You'd probably raise more actual revenue if you came up with better price tiering. I wanted to give you $50/year, but that wasn't easy to do; it was either $15 once or $10/mo. So you got $15 from me instead of $50.
Hmm. Perhaps the organization of the site isn't that clear, but we've always had a lot more options than you suggest, including a $5 month option (http://rtb.techdirt.com/products/watercooler/) and a name your price option, that even has a single check box for $50 (http://rtb.techdirt.com/products/friend-of-techdirt/).
We'll look for ways to make that clearer.
I think you're falling away from your own major drives, the ones that got me to sign up in the first place... engaging your users and giving them something excellent.
Again, as noted above, most of what we've done has worked. Sometimes it doesn't -- and this may be a case where it doesn't, which we're learning from.
Talk about Insight.ly because they are interesting, not because they pay you.
Honestly, nothing in this post said anything about talking about insightly. It asked people to discuss ways to deal with a very real problem that many of our users do discuss regularly. It was sponsored by Insightly to create a general discussion on the topic -- not to have anyone comment about Insightly.
So if Pandora buys a radio station and they simulcast ONE broadcast so what? If they do the same thing the radio stations do they should get the same rates. But if they do something different... I dunno, say allow user defined algorithmically generated personal playlists per user... well, then, that's a different service and requires a different rate. Pretty simple really.
No, they're asking for the same rates that ASCAP gives iHeartRadio for *ITS* algorithmically generated personal playlists.
It amazes me how you folks keep spewing off about this without even knowing what you're talking about.
They're not asking for the same rates that *radio* pays. They're asking for the same rates that radio stations pay FOR THEIR ONLINE STREAMING SERVICES THAT ARE JUST LIKE PANDORA.
Why does anonymity/privacy lover Mike Masnick have the moderation filter catching posts of users utilizing TOR? Hmm....

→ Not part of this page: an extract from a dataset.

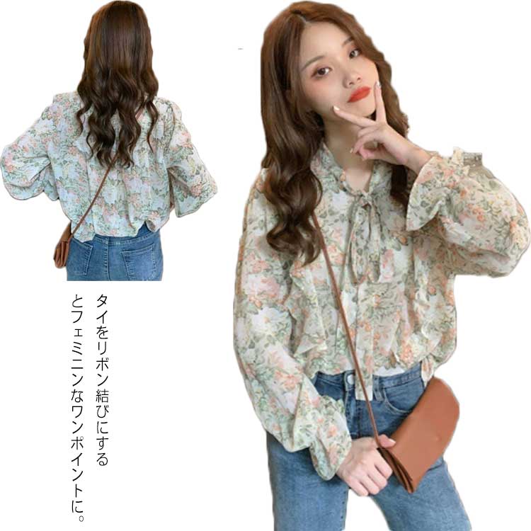 ボウタイシャツ ブラウス レディース トップス リボン 花柄 長袖 ジョーゼット 春秋レディースファッション トップス シャツ ブラウス

We don't. We use a variety of anti-spam filters to catch spam, and it sometimes catches legitimate comments, which we tend to free up within hours (a bit longer over the weekend and late at night). It is true that tor-based comments are slightly more likely to be caught in the filter because (shockingly) tor is often used by spammers. However, if the comments are legit, we free them pretty quickly. Also, it does not catch all tor comments. Many of them get through no problem. The system uses a variety of heuristics to figure out what is and what is not spam.
The system that catches those comments catches approximately 1,000 spam comments per day. It tends to catch very, very few legitimate comments, and those it does catch are put live on the site pretty quickly.
Well that was quick. Seems both problems are gone again. Also, the text on the expander-tabs had changed to "Read More" and has reverted to "Expand". Did you guys click "undo" after trying something and realizing it had unwanted side effects?
Nope. Made no changes to the site tonight at all. Expand/collapse has been working fine for me. Not sure if what you saw was a hiccup, but we'll look into it.
As for some of your other points, we decreased the number of articles on the front page after we received numerous complaints of load times for the full page. The expand/collapse stuff was also due to people complaining that they had to scroll through long articles they didn't want to read to get to the ones they did want. This way you can scroll and *very easily* open up the full article if you want to.
Also, if you want to keep the articles expanded, there's an option for that in your preferences, so if you really don't like the collapsed stories, no problem, you can have it appear the old way -- and that works whether you're logged in or logged out.
So, no, most of these changes have been focused on improving user experience, giving you more choices. Sorry if you don't appreciate them, but we're trying our best to accommodate a variety of ways in which people read.